Matilde experimentó por ello, según parece, una gran contrariedad, estimando que Enrique debía tener preferencia, puesto que había nacido des­pués del advenimiento del duque de Sajonia al trono de Germania. El privilegio de antigüedad de que disfrutó Otón, acentuó la tirantez existente entre los dos hermanos, por lo que fueron menester bastantes años para que la concordia se restableciera, gracias a los buenos oficios de su madre.

Otón dio a su hermano Enrique el ducado de Baviera. Bruno, en cambio, escogió la mejor parte: ya que, renunciando al mundo, se hizo sacerdote y gobernó la Iglesia de Colonia, desde el año 953 al 965.

Tranquila ya en cuanto al porvenir de sus hijos, la Santa no se ocupó en adelante sino en servir al Señor. La oración, el ayuno, la limosna fueron sus ocupaciones ordinarias; y, como los días no eran tan largos como sus anhelos, pasaba las noches en coloquios amorosos con el Esposo de su alma.

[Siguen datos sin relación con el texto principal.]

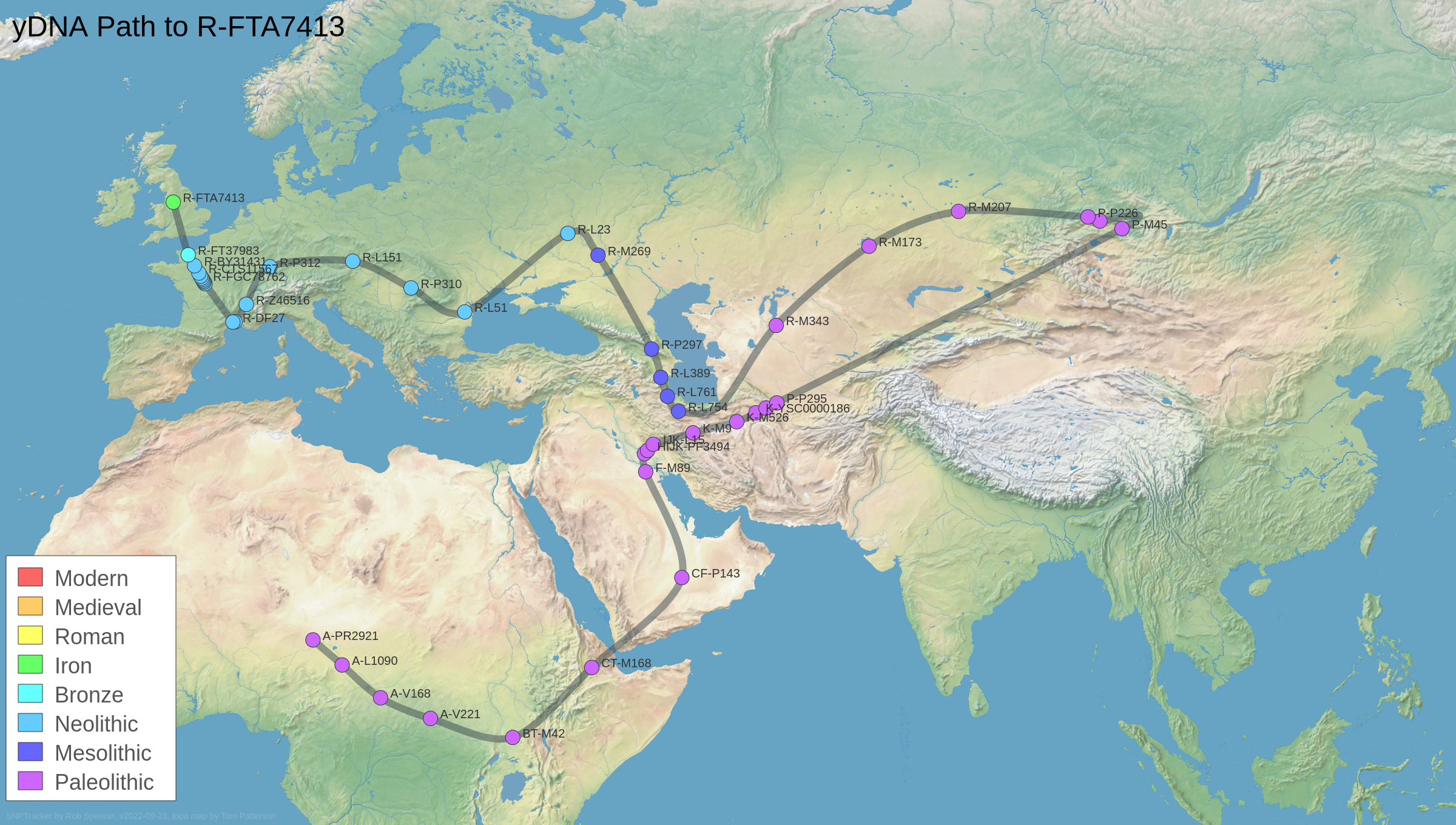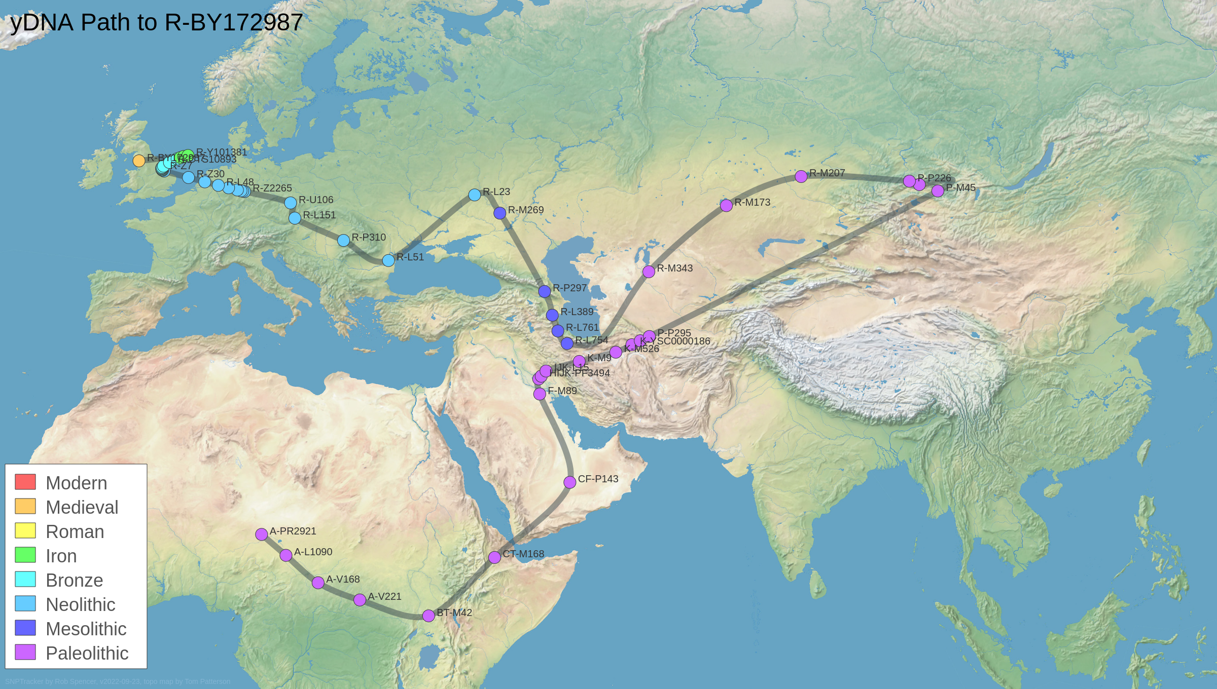 The first thing to remember is that the Y chromosome passes 100% through every male lineage and that any newly emerged SNP markers accumulate in the various lineages. (What was, is.) Thus, every man holds an archive of the travels of his male lineage in each of the trillions of cells in his body. Naturally, the place names aren't recorded. It's up to us to figure it out.
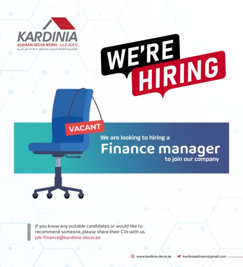 Job Vacancy - Finance Manager Kardinia Alshaam Decor Work a leading company specializing in gypsum ceilings and interior décor works is seeking an experienced and dedicated Finance Manager to join our team in Khaldiya - Abu Dhabi Position Finance Manager Location Khaldiya - Abu Dhabi Company Kardinia Alshaam Decor Work Salary To be determined

Tenía costumbre de rezar el salterio entero antes del canto del gallo.

Sus primeras y últimas visitas eran para los pobres. Su corazón sentía con su vista vivísima alegría, porque los consideraba como hijos suyos; tratábalos con tierna intimidad y bastaba que ella se presentase para que en todos los corazones reinase la más perfecta alegría.

Gente mal intencionada declaró a Otón el Grande que su madre ocultaba tesoros y confiscaba las rentas de la corona para distribuirlas indiscretamente a una multitud de vagabundos y desconocidos.

Esto bastó para que el emperador la llamase a dar cuenta de los bienes de la corona que había administrado; la privó de sus propias rentas, quiso saber los donativos que le hacían, la hizo espiar de un modo indigno y hasta colocó guardias en los barrios que ella frecuentaba. Enrique, duque de Baviera, su hijo predilecto, ayudó a su hermano a alejarla de la corte. Todo lo sufrió ella sin la menor resistencia y, como alguien se permitiese un día hablar en forma desfavorable a sus dos perseguidores, le atajó di­ciendo: 

—Es para mí motivo de consuelo ver que mis hijos, antes en desacuerdo, empiezan a entenderse, aunque sea para perseguirme. Sí -añadía—, ¡ojalá pudiesen continuar de esa forma sin ofensa de Dios, pues tendría siquiera la satisfacción de verlos unidos!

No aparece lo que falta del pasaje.